═════ Recorded data ═════

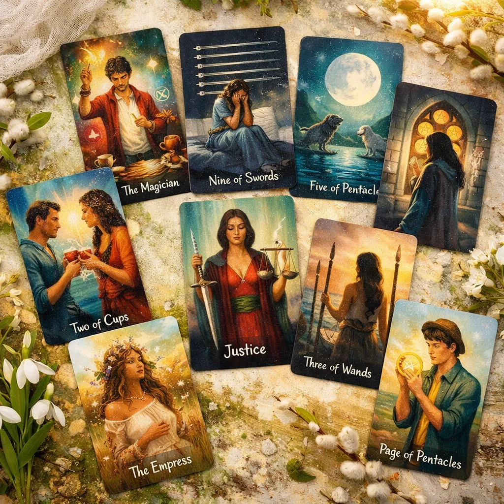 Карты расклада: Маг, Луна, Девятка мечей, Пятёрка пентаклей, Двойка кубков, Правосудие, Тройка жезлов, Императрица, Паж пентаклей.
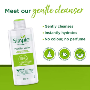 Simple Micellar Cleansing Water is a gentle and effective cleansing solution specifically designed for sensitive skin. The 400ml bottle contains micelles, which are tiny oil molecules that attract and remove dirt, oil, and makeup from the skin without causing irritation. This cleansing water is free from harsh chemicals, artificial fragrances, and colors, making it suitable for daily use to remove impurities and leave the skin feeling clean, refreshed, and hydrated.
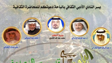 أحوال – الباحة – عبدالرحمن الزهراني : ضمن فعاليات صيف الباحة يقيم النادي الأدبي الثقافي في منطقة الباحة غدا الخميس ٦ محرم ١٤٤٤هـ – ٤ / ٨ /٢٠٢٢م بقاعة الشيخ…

═════

Strip out the pictures and quote the remaining data word for word.

## Answer box
 Карты расклада: Маг, Луна, Девятка мечей, Пятёрка пентаклей, Двойка кубков, Правосудие, Тройка жезлов, Императрица, Паж пентаклей.
 Simple Micellar Cleansing Water is a gentle and effective cleansing solution specifically designed for sensitive skin. The 400ml bottle contains micelles, which are tiny oil molecules that attract and remove dirt, oil, and makeup from the skin without causing irritation. This cleansing water is free from harsh chemicals, artificial fragrances, and colors, making it suitable for daily use to remove impurities and leave the skin feeling clean, refreshed, and hydrated.
 أحوال – الباحة – عبدالرحمن الزهراني : ضمن فعاليات صيف الباحة يقيم النادي الأدبي الثقافي في منطقة الباحة غدا الخميس ٦ محرم ١٤٤٤هـ – ٤ / ٨ /٢٠٢٢م بقاعة الشيخ…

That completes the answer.